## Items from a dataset
______
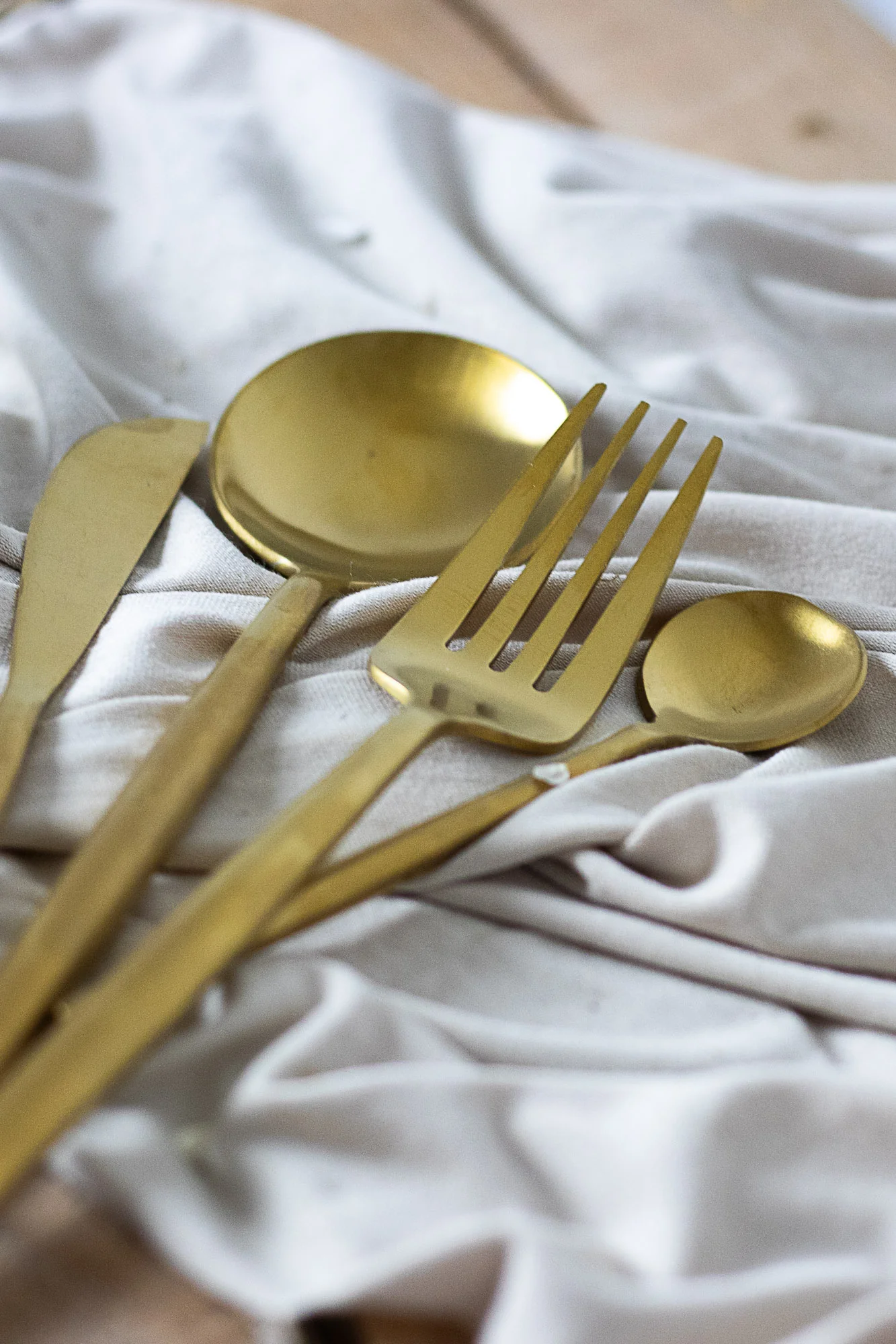 Paulina ist unser stilvolles 4-teiliges Besteck-Set aus goldfarbenem Edelstahl – bestehend aus Speisemesser, Speisegabel, Speiselöffel und Dessertlöffel. Das moderne, minimalistische Design macht es zu einem echten Hingucker auf jeder festlich gedeckten Tafel. Hinweis: Darf nicht in einer Spühlmaschine gereinigt werden!
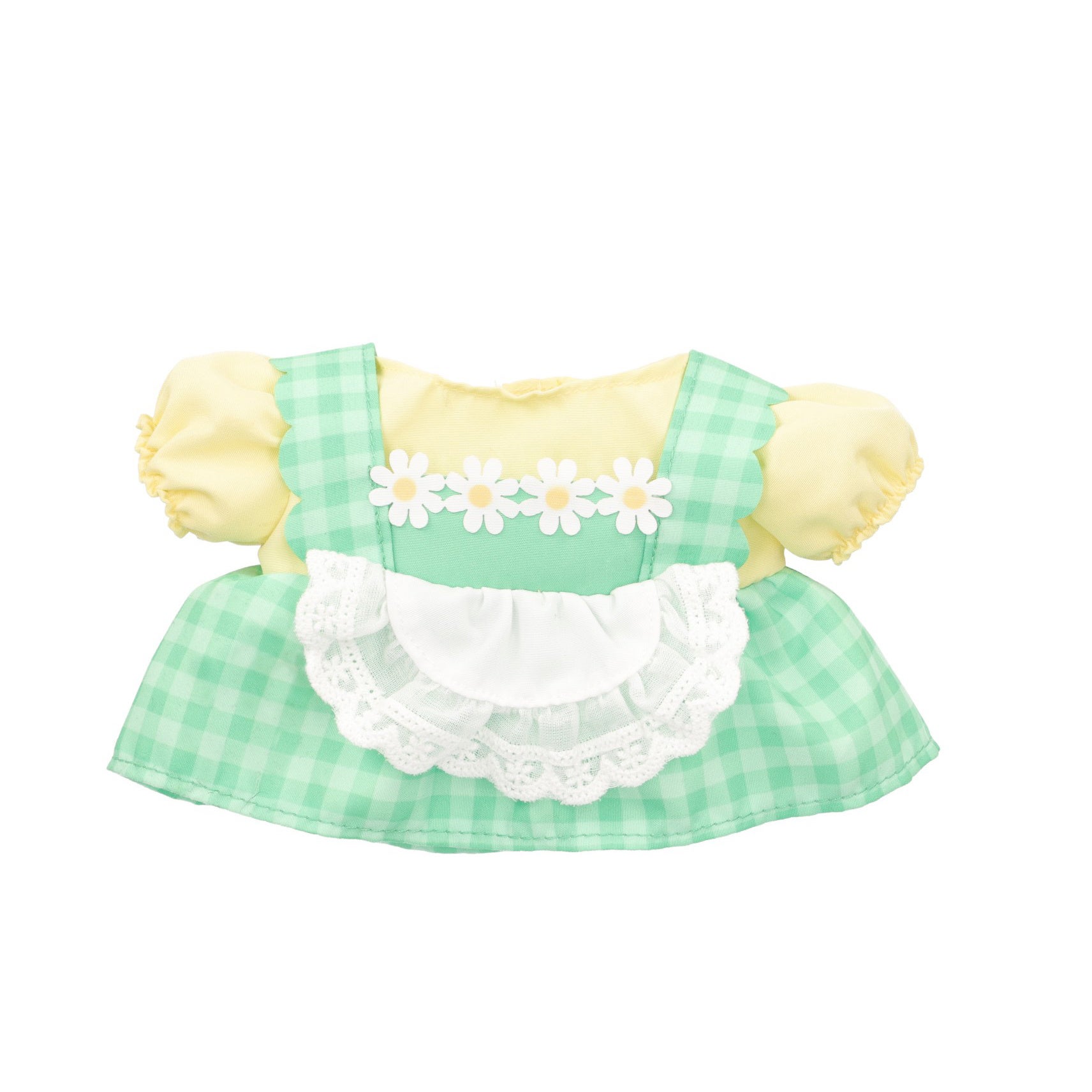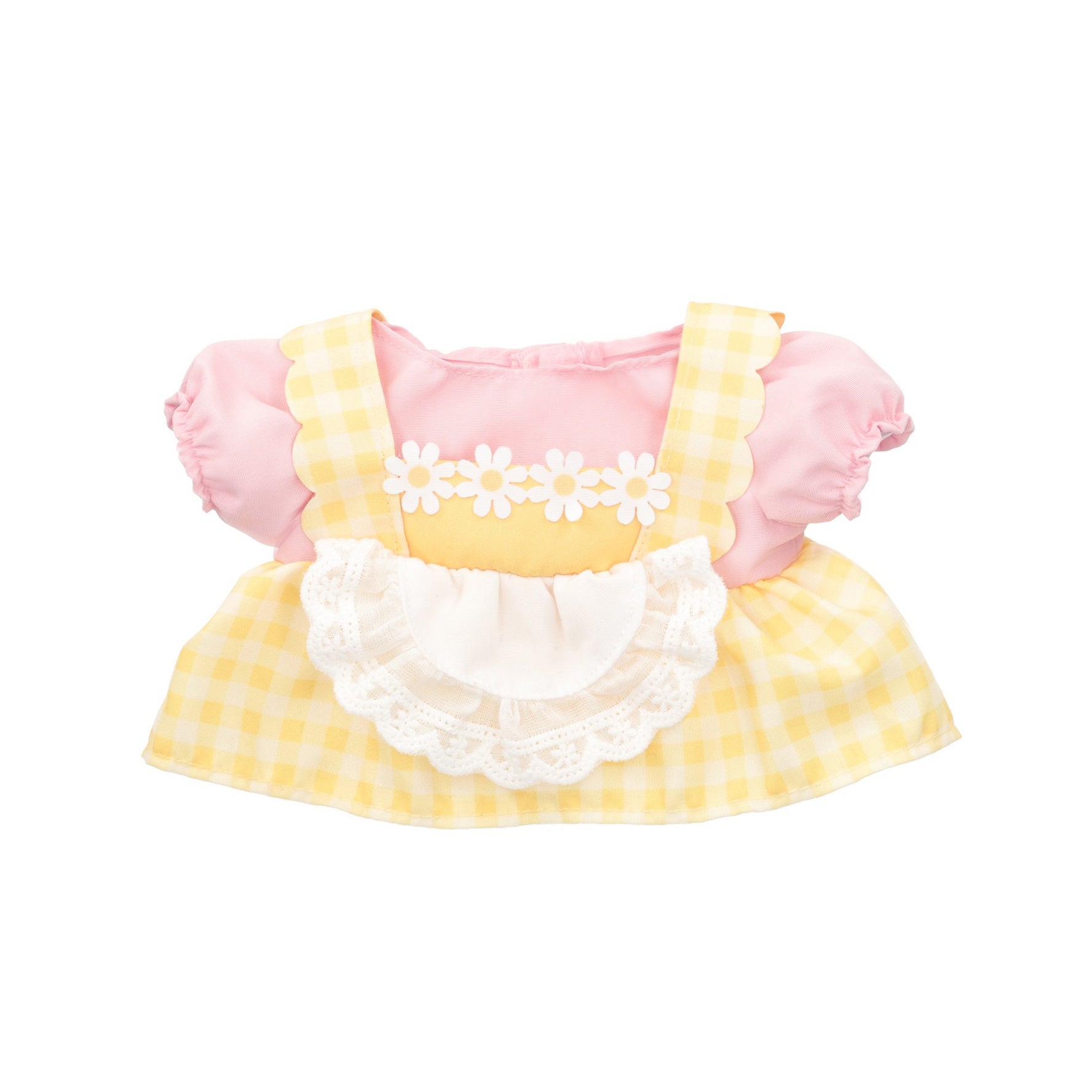 着せかえほわほわぬいぐるみ専用のお洋服に、初のエプロンドレススタイルが登場します。ギンガムチェックの生地に胸元にカモミールをイメージしたモチーフをあしらい、肩ひも部分をスカラップ型にするなど、かわいらしさ満載のアイテムです。
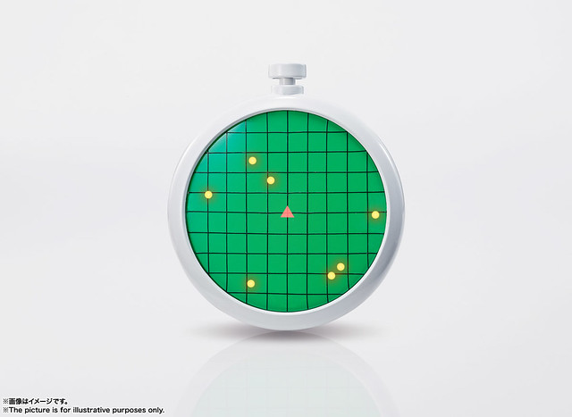 「PROPLICA 龍珠雷達」以劇中形象假定的等比例尺寸製作,忠實再現有著網格的綠色面板,透過 LED 燈表示雷達上的標記。雖然現實中沒有能召喚神龍的龍珠給你找,但能運用 PROPLICA 龍珠雷達內建的兩種模式來模擬尋找龍珠的樂趣!此外商品中還附上了專用台座和腕帶,方便展示與攜帶!
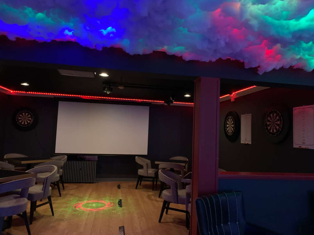 The upstairs floor offers dart boards, a dance area, a large screen projector, tables and bar-side seating. In addition, the upstairs has a special effects cloud and lightening style ceiling to make your events extra cool and memorable!
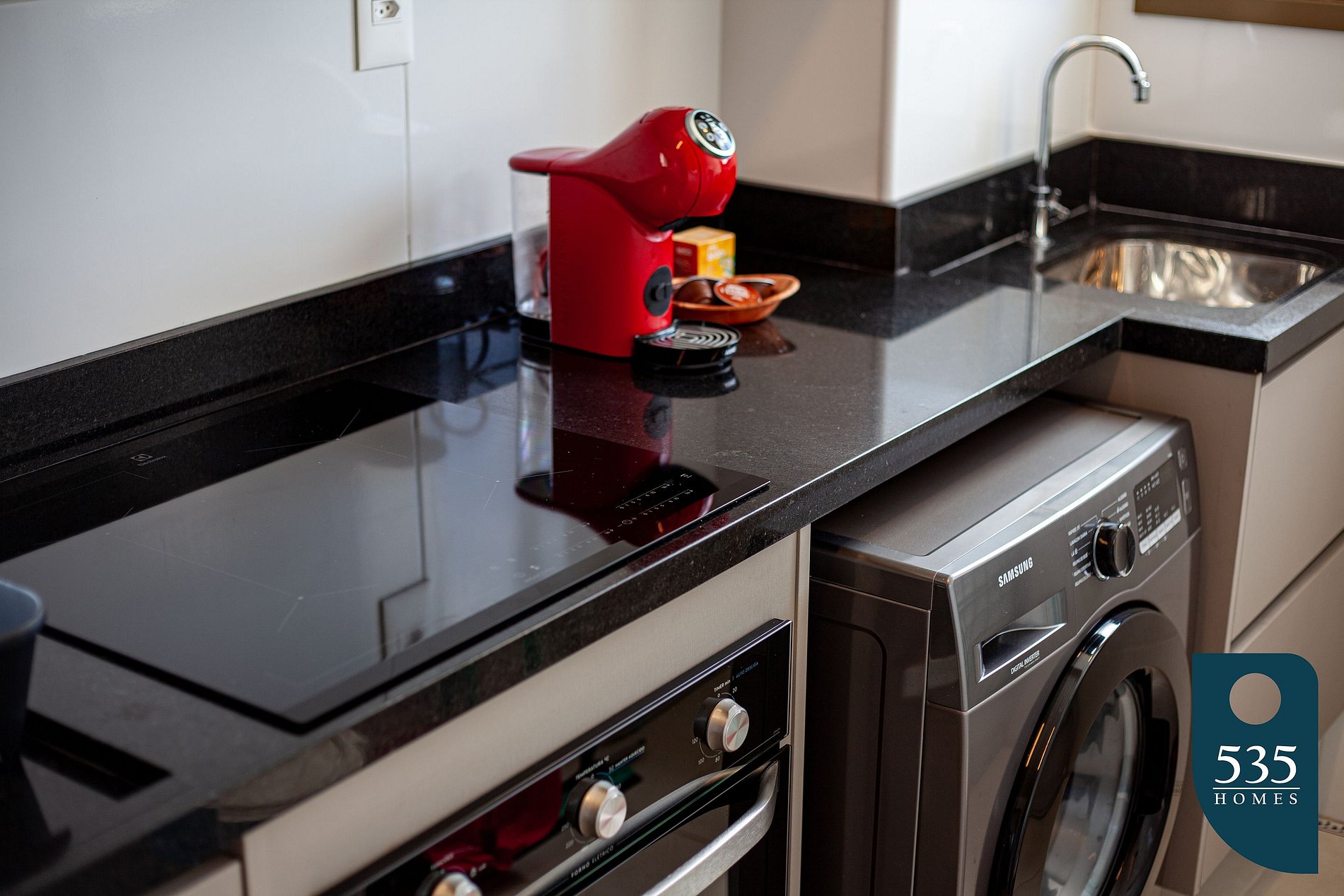The space is well-equipped with a 50" Smart LED TV with YouTube and Netflix, Split air conditioning in the bedroom and living room, 200 Mbps Wi-Fi Internet, Refrigerator, Blender, Sandwich maker, Grill, Iron and ironing board, Front-loading washing machine.
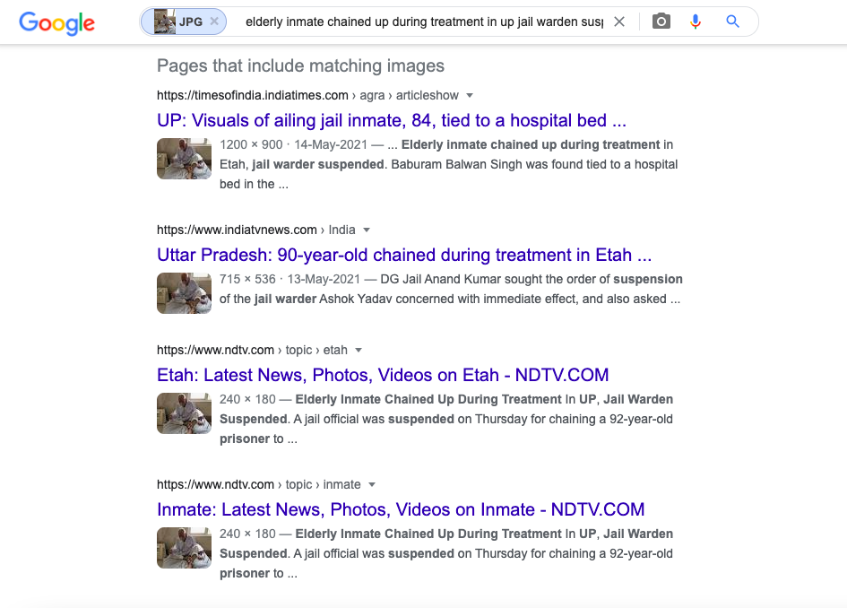 तस्वीर में दिख रहे शख़्स दरअसल 92 साल के बाबूराम बलवान सिंह हैं। बाबूराम खून के जुर्म में यूपी की एटा जेल में सज़ा काट रहे हैं। 13 मई 2021 को NDTV द्वारा प्रकाशित रिपोर्ट के मुताबिक़ बाबूराम को साँस की तकलीफ़ के बाद अस्पताल में भर्ती कराया गया था।
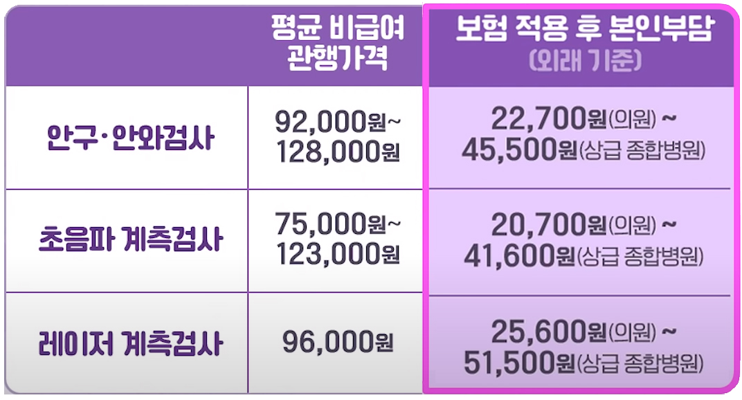 또한 녹내장이나 백내장 등 수술 전에 시행하는 계측검사도 건강보험을 1회 적용이 됩니다.
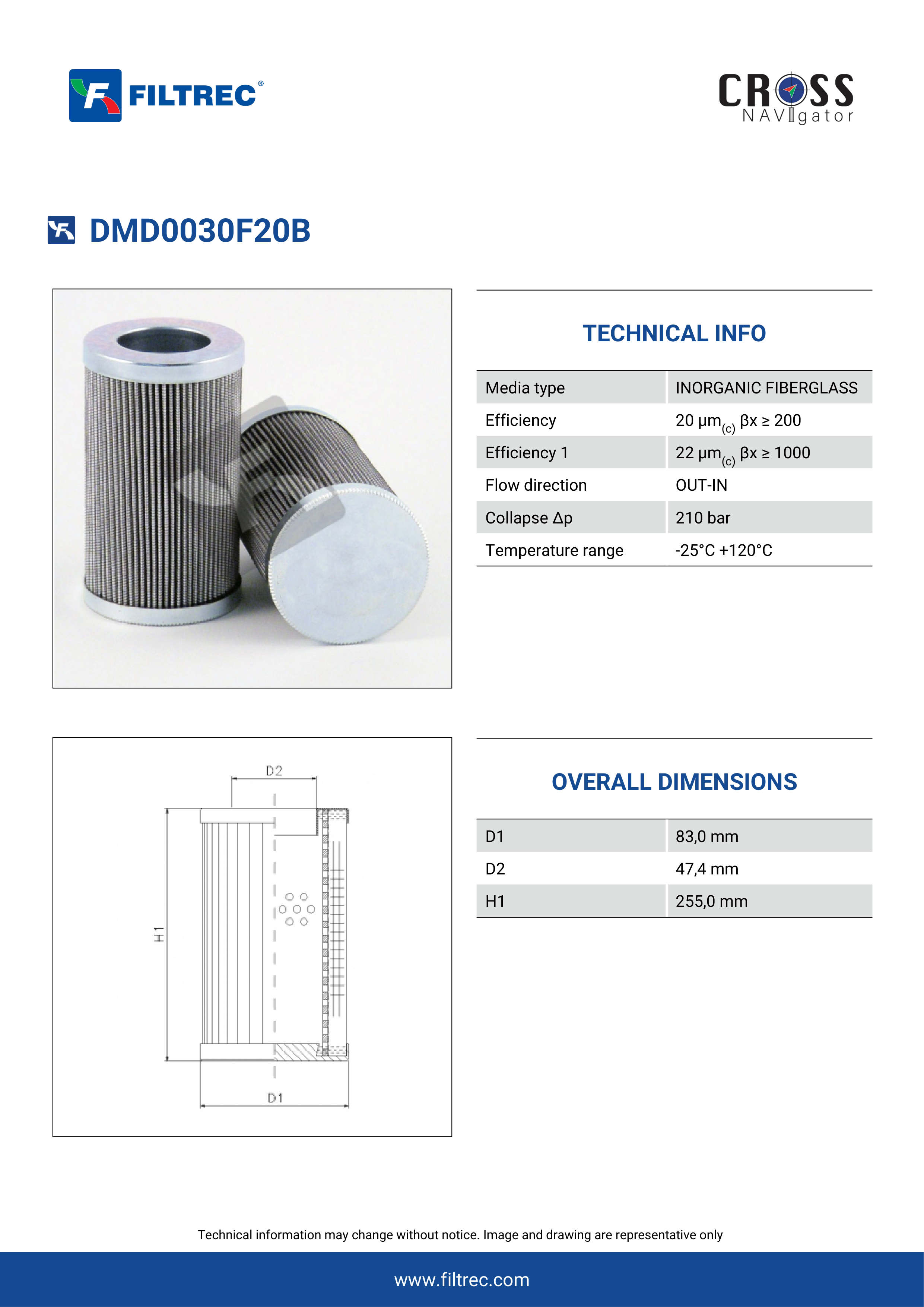Genuine Filtrec DMD0030F20B. This Filtrec element is designed to meet or exceed the quality and performance of brand OEM’s ensuring superior filtration performance and long-lasting durability.Engineered with their high performance media and a durable design, the DMD0030F20B provides reliable and consistent performance over its lifespan, even in harsh operating environments. When you order from FilterFinder, you can trust that you are getting a reliable and high-quality replacement filter that will keep your system running smoothly.
______
## WORK INSTRUCTIONS
Output the data above exactly; pictures do not belong in the copy.

## SOLUTION FOR THIS EXERCISE
 Paulina ist unser stilvolles 4-teiliges Besteck-Set aus goldfarbenem Edelstahl – bestehend aus Speisemesser, Speisegabel, Speiselöffel und Dessertlöffel. Das moderne, minimalistische Design macht es zu einem echten Hingucker auf jeder festlich gedeckten Tafel. Hinweis: Darf nicht in einer Spühlmaschine gereinigt werden!
 着せかえほわほわぬいぐるみ専用のお洋服に、初のエプロンドレススタイルが登場します。ギンガムチェックの生地に胸元にカモミールをイメージしたモチーフをあしらい、肩ひも部分をスカラップ型にするなど、かわいらしさ満載のアイテムです。
 「PROPLICA 龍珠雷達」以劇中形象假定的等比例尺寸製作,忠實再現有著網格的綠色面板,透過 LED 燈表示雷達上的標記。雖然現實中沒有能召喚神龍的龍珠給你找,但能運用 PROPLICA 龍珠雷達內建的兩種模式來模擬尋找龍珠的樂趣!此外商品中還附上了專用台座和腕帶,方便展示與攜帶!
 The upstairs floor offers dart boards, a dance area, a large screen projector, tables and bar-side seating. In addition, the upstairs has a special effects cloud and lightening style ceiling to make your events extra cool and memorable!
The space is well-equipped with a 50" Smart LED TV with YouTube and Netflix, Split air conditioning in the bedroom and living room, 200 Mbps Wi-Fi Internet, Refrigerator, Blender, Sandwich maker, Grill, Iron and ironing board, Front-loading washing machine.
 तस्वीर में दिख रहे शख़्स दरअसल 92 साल के बाबूराम बलवान सिंह हैं। बाबूराम खून के जुर्म में यूपी की एटा जेल में सज़ा काट रहे हैं। 13 मई 2021 को NDTV द्वारा प्रकाशित रिपोर्ट के मुताबिक़ बाबूराम को साँस की तकलीफ़ के बाद अस्पताल में भर्ती कराया गया था।
 또한 녹내장이나 백내장 등 수술 전에 시행하는 계측검사도 건강보험을 1회 적용이 됩니다.
Genuine Filtrec DMD0030F20B. This Filtrec element is designed to meet or exceed the quality and performance of brand OEM’s ensuring superior filtration performance and long-lasting durability.Engineered with their high performance media and a durable design, the DMD0030F20B provides reliable and consistent performance over its lifespan, even in harsh operating environments. When you order from FilterFinder, you can trust that you are getting a reliable and high-quality replacement filter that will keep your system running smoothly.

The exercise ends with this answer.